--- RECORDS FOR THIS TASK Enclosed Below ---

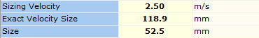 If you proceed with Economic Velocity as the Sizing Model, the software will determine the Exact Economic Size corresponding to the economic velocity which is automatically calculated by the software. This information can be viewed in the Results tab of the Data Palette.
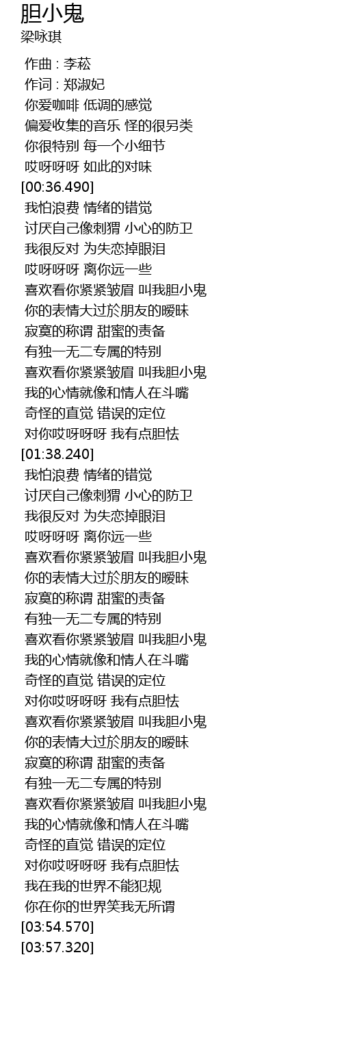 | [02:53.750] | 对你哎呀呀呀 我有点胆怯 |
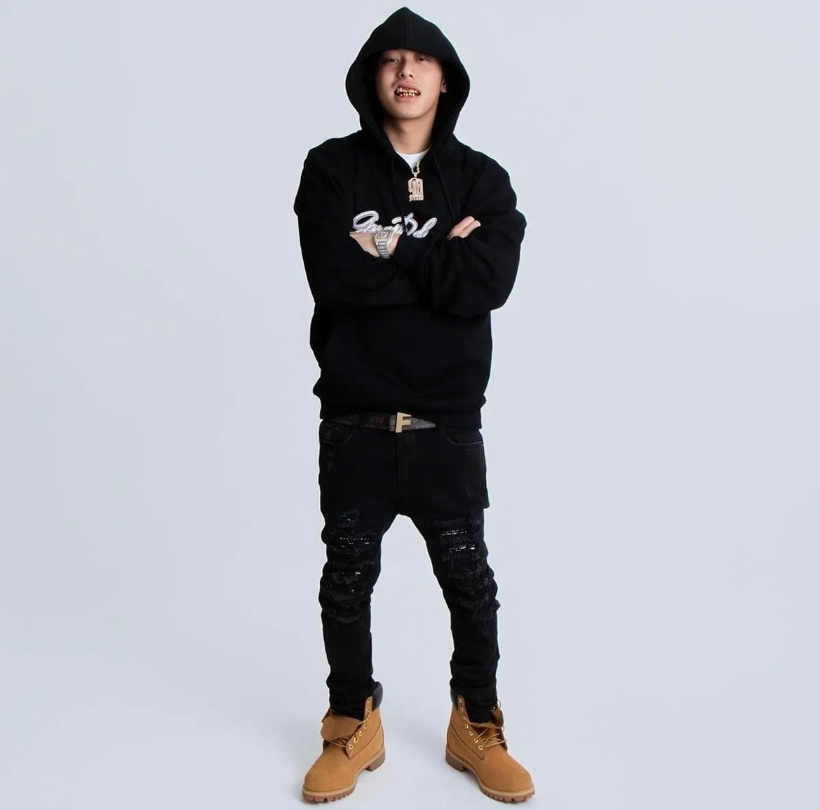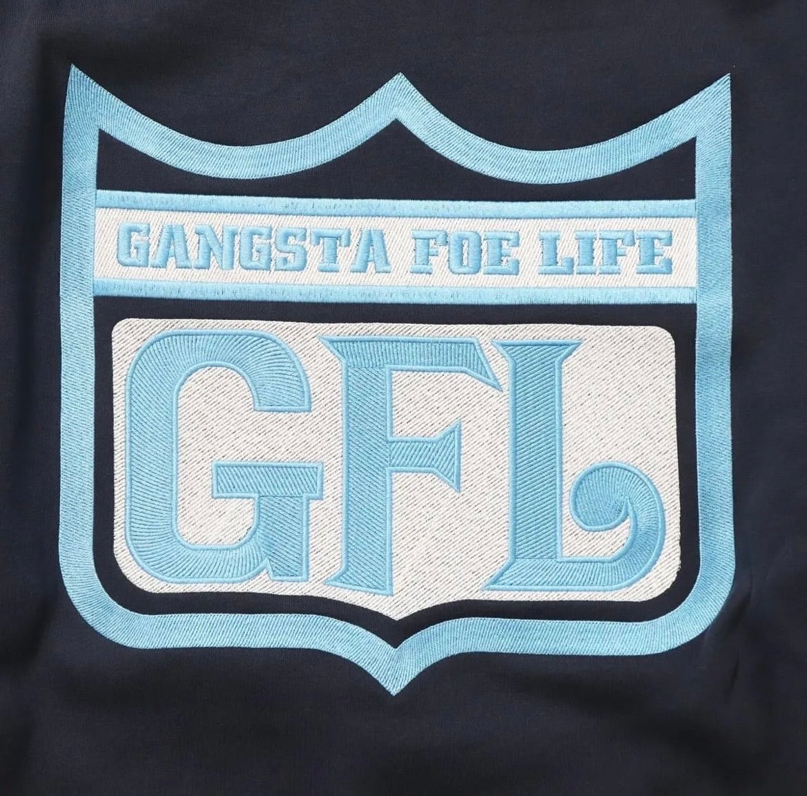 GFL (gangsta foe life) 当時の定番ロゴカラーリングを忠実に再現してフロント&バック共にAll刺繍したフーディー。
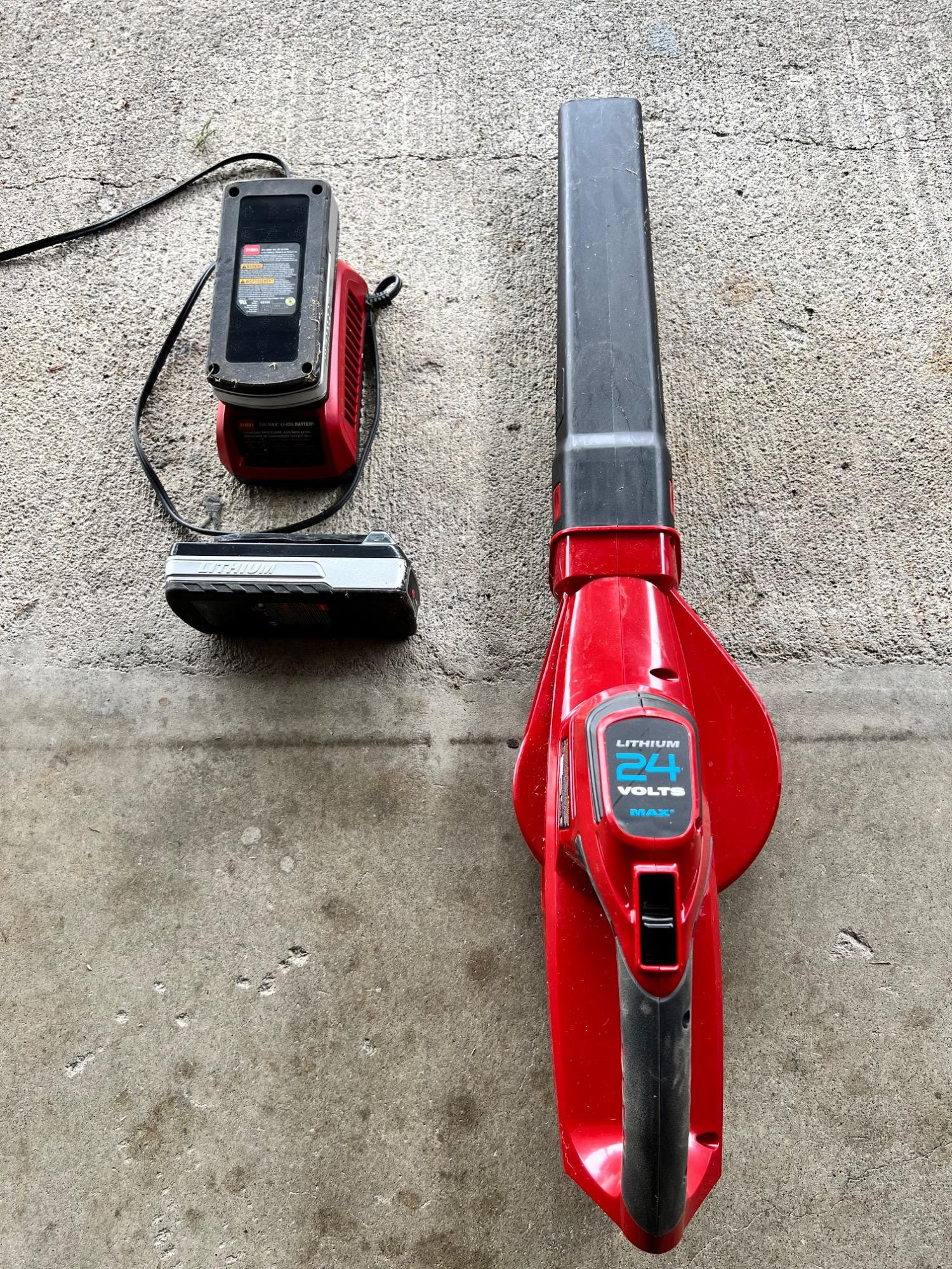 This Toro 24V MAX Lithium-Ion Cordless Leaf Blower is a great tool for clearing leaves, grass clippings, and debris from driveways, sidewalks, patios, and lawns. It’s lightweight, easy to use, and comes with everything needed to get started. Brand: Toro Model: 24V MAX Lithium-Ion Leaf Blower Power: 24V rechargeable lithium-ion battery Includes: Toro 24V MAX Li-Ion Battery Toro 24V Battery Charger Condition: Used, but in good working order with minor signs of wear.
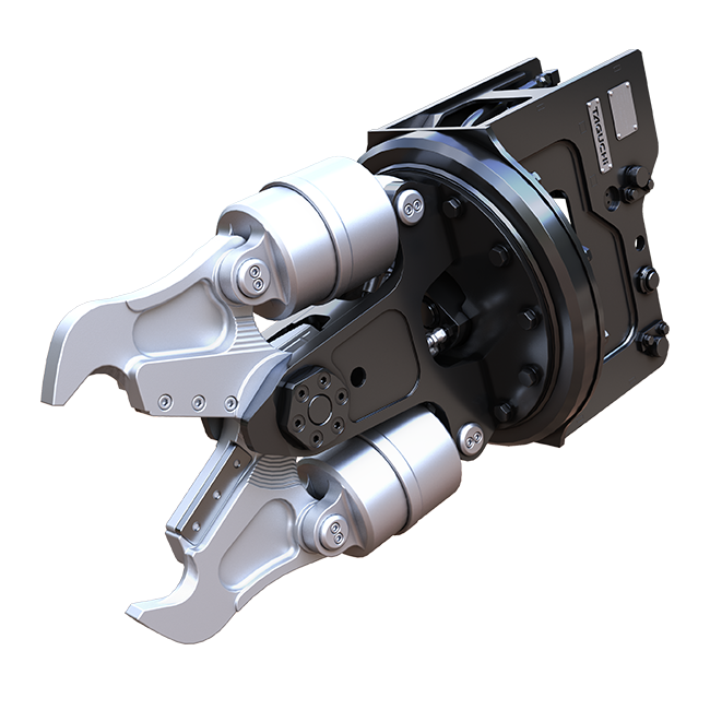靭性に優れた特殊鋼によるオリジナル形状のブレードは、対象物にしっかりくい込む特殊形状の経済的な二面使用タイプ。オリジナルのツインシリンダ、アーム閉時に発生するねじれや曲げを極力抑えるオリジナル形状アームと、ミニクラスながらタグチの技術の粋を集めたモデルです。
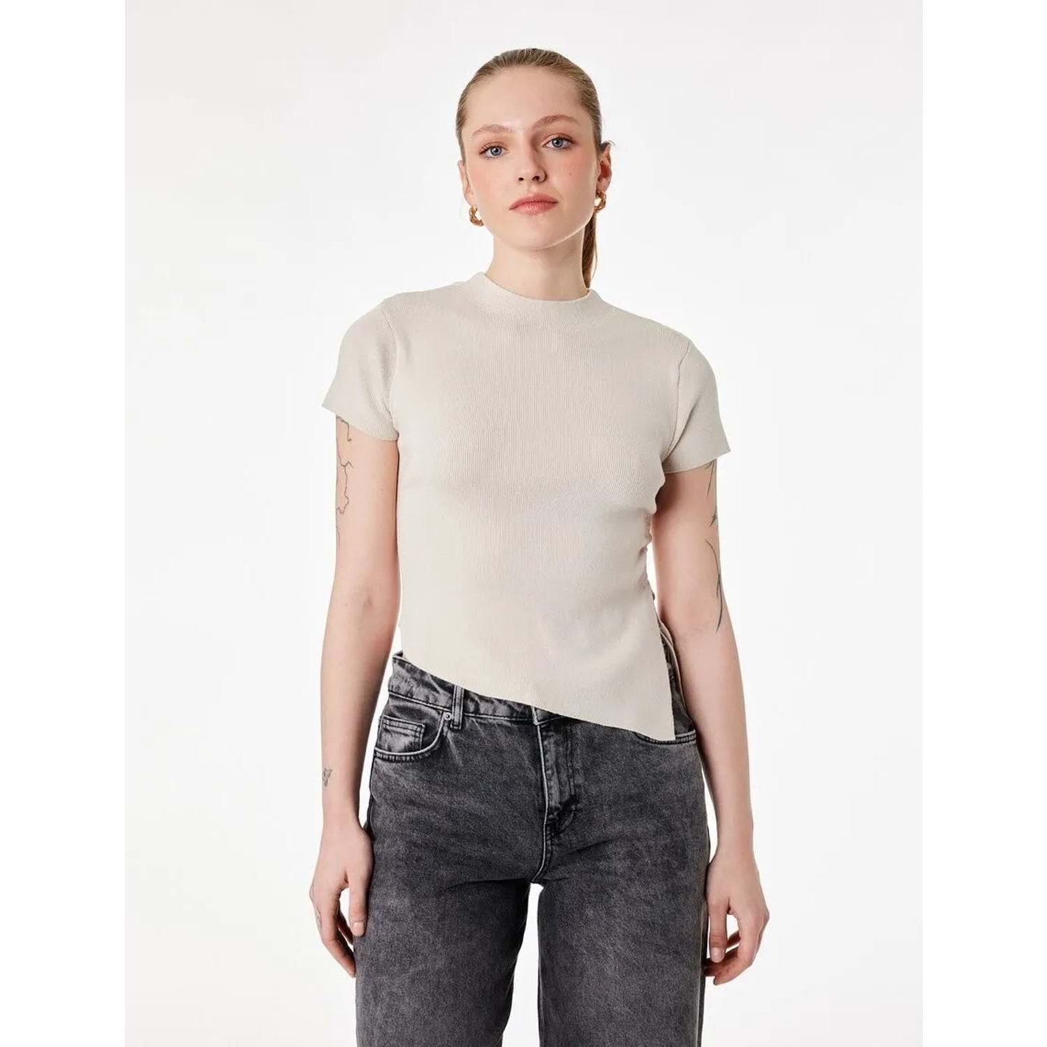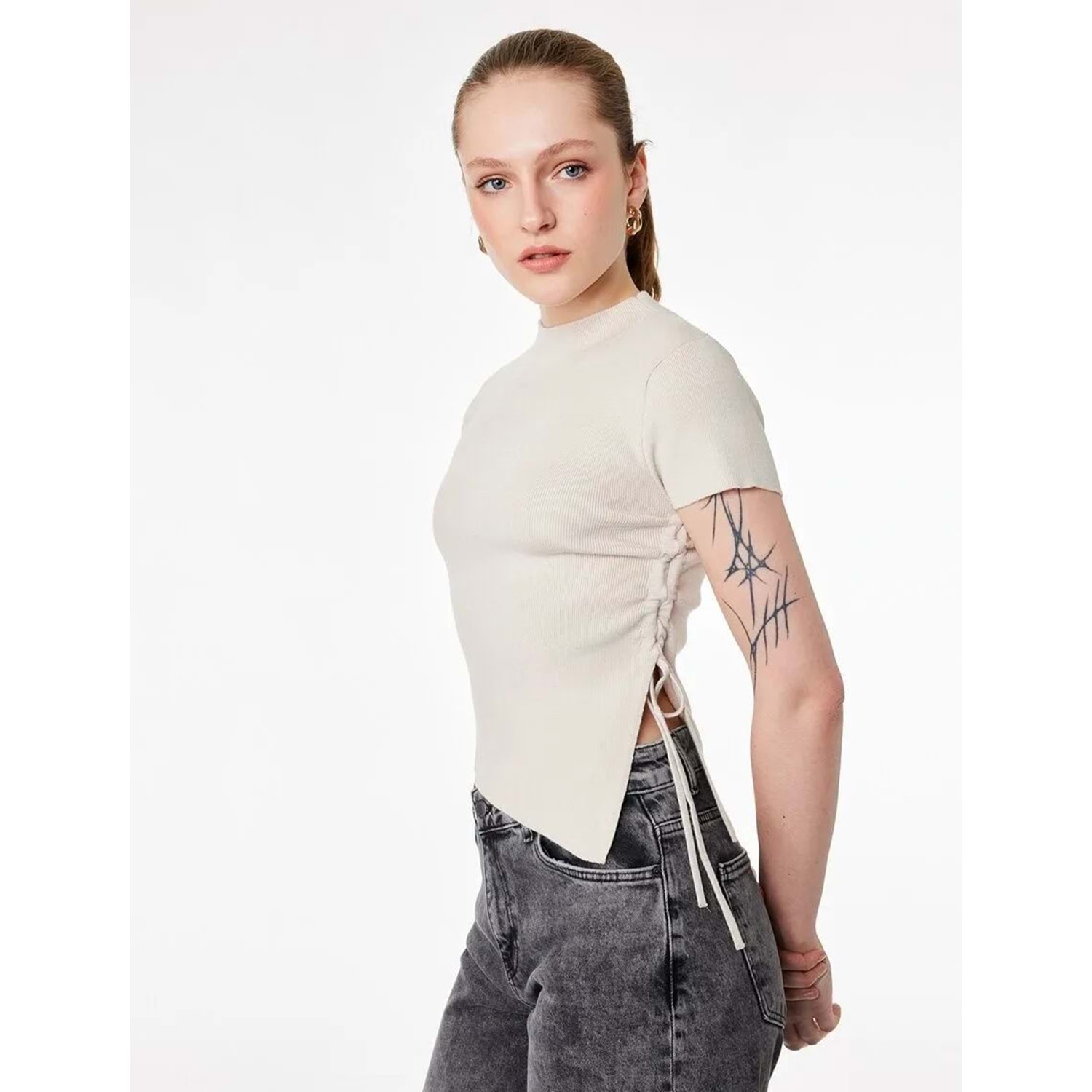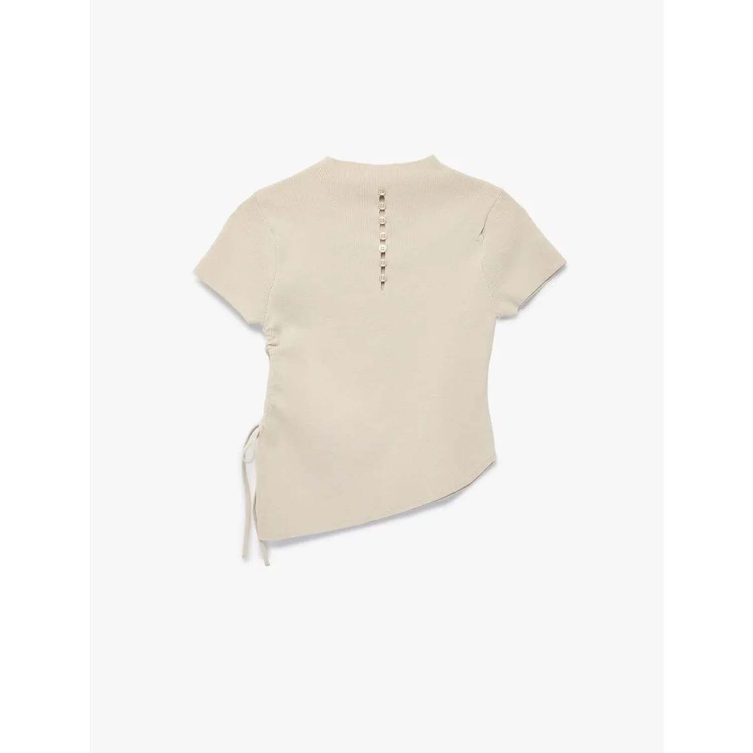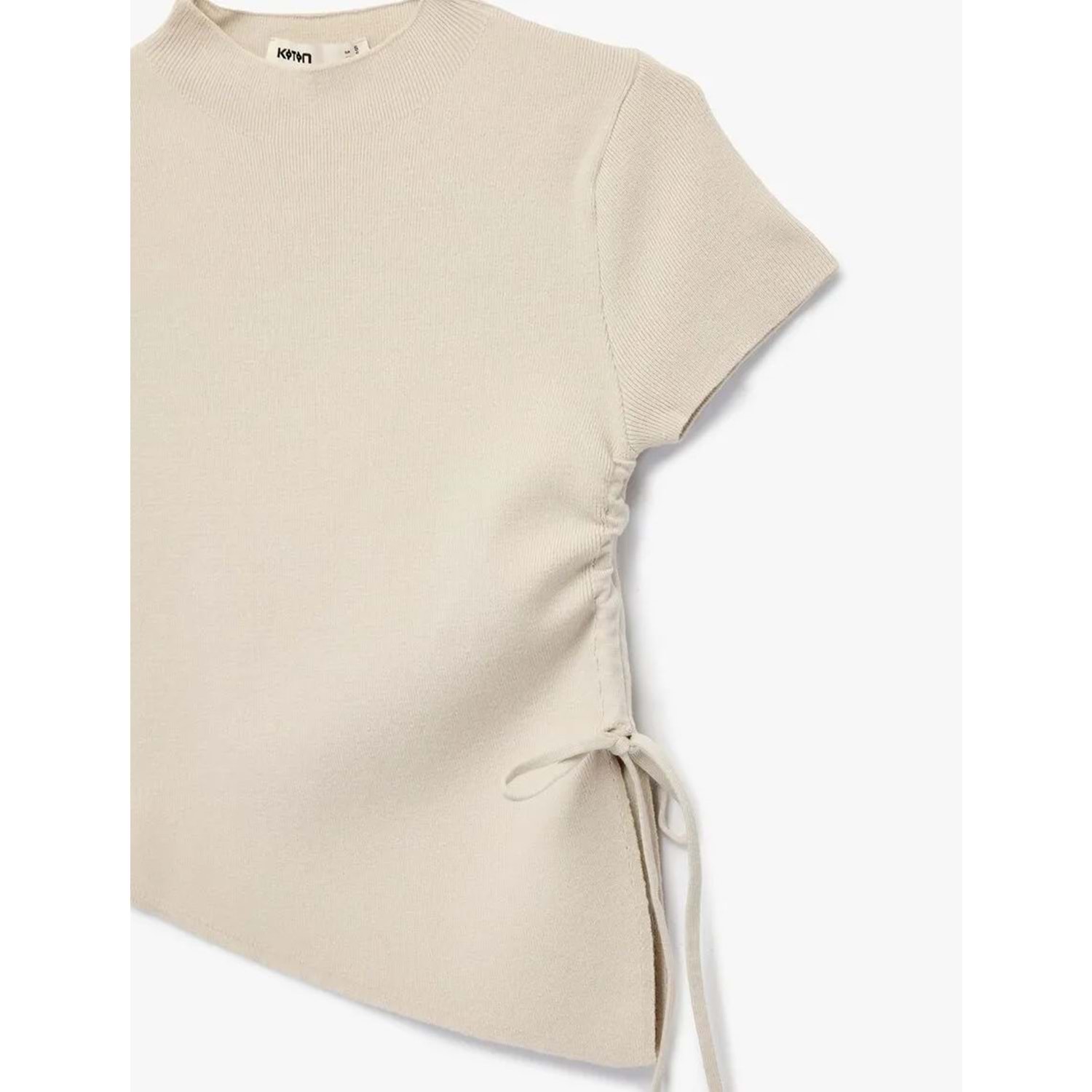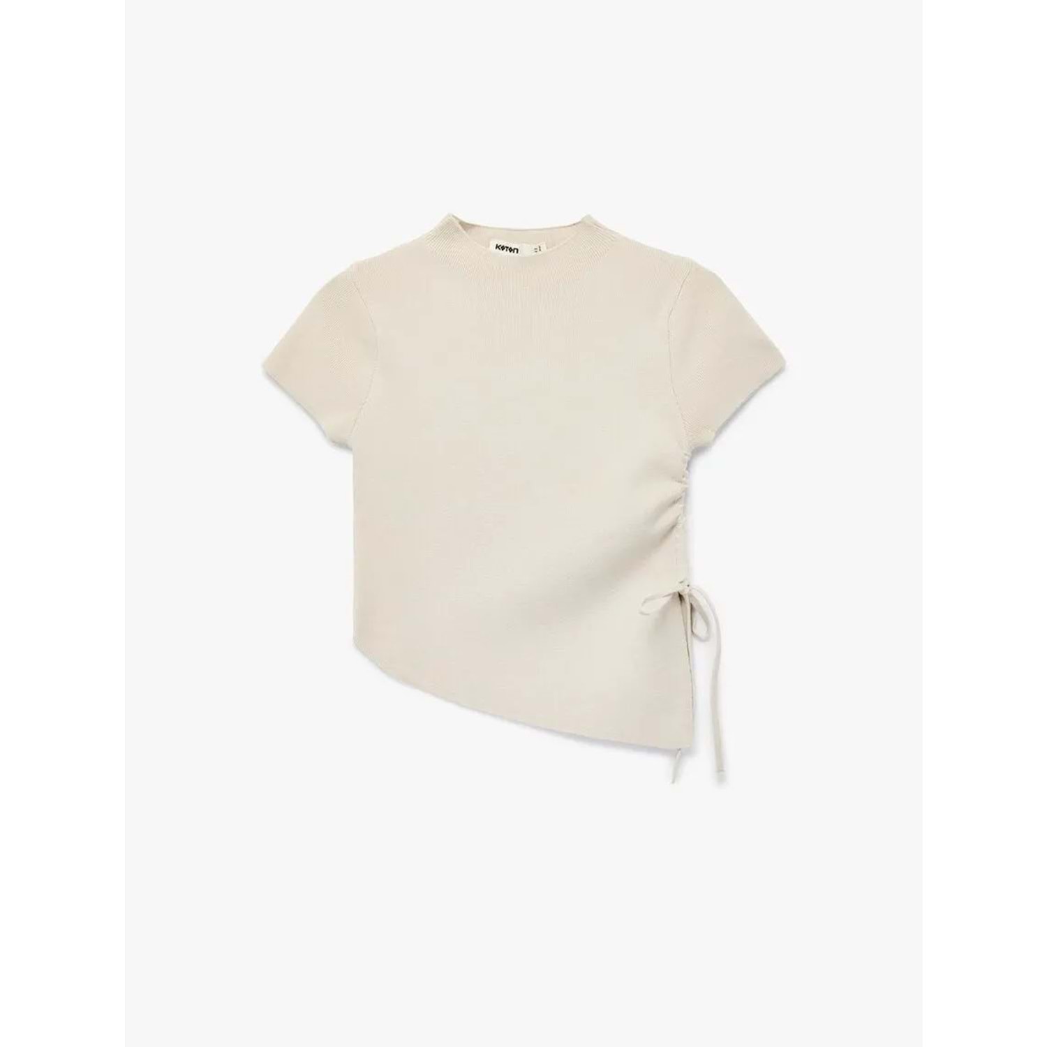 Kadın Giyim Asimetrik Kesim Kısa Kollu Bisiklet Yaka Büzgülü Triko Tişört - KOTON - 6WAK90617HT - BEJ - L
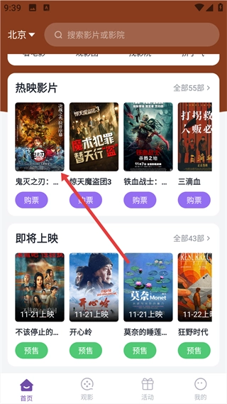 在影片的详情页面,点击底部的“立即购票”按钮。

--- End of Enclosed RECORDS FOR THIS TASK ---

§ **TASK DIRECTIONS**
The images are to be left out; every line above should be set down exactly.

§ **FINAL ANSWER**
 If you proceed with Economic Velocity as the Sizing Model, the software will determine the Exact Economic Size corresponding to the economic velocity which is automatically calculated by the software. This information can be viewed in the Results tab of the Data Palette.
 | [02:53.750] | 对你哎呀呀呀 我有点胆怯 |
 GFL (gangsta foe life) 当時の定番ロゴカラーリングを忠実に再現してフロント&バック共にAll刺繍したフーディー。
 This Toro 24V MAX Lithium-Ion Cordless Leaf Blower is a great tool for clearing leaves, grass clippings, and debris from driveways, sidewalks, patios, and lawns. It’s lightweight, easy to use, and comes with everything needed to get started. Brand: Toro Model: 24V MAX Lithium-Ion Leaf Blower Power: 24V rechargeable lithium-ion battery Includes: Toro 24V MAX Li-Ion Battery Toro 24V Battery Charger Condition: Used, but in good working order with minor signs of wear.
靭性に優れた特殊鋼によるオリジナル形状のブレードは、対象物にしっかりくい込む特殊形状の経済的な二面使用タイプ。オリジナルのツインシリンダ、アーム閉時に発生するねじれや曲げを極力抑えるオリジナル形状アームと、ミニクラスながらタグチの技術の粋を集めたモデルです。
 Kadın Giyim Asimetrik Kesim Kısa Kollu Bisiklet Yaka Büzgülü Triko Tişört - KOTON - 6WAK90617HT - BEJ - L
 在影片的详情页面,点击底部的“立即购票”按钮。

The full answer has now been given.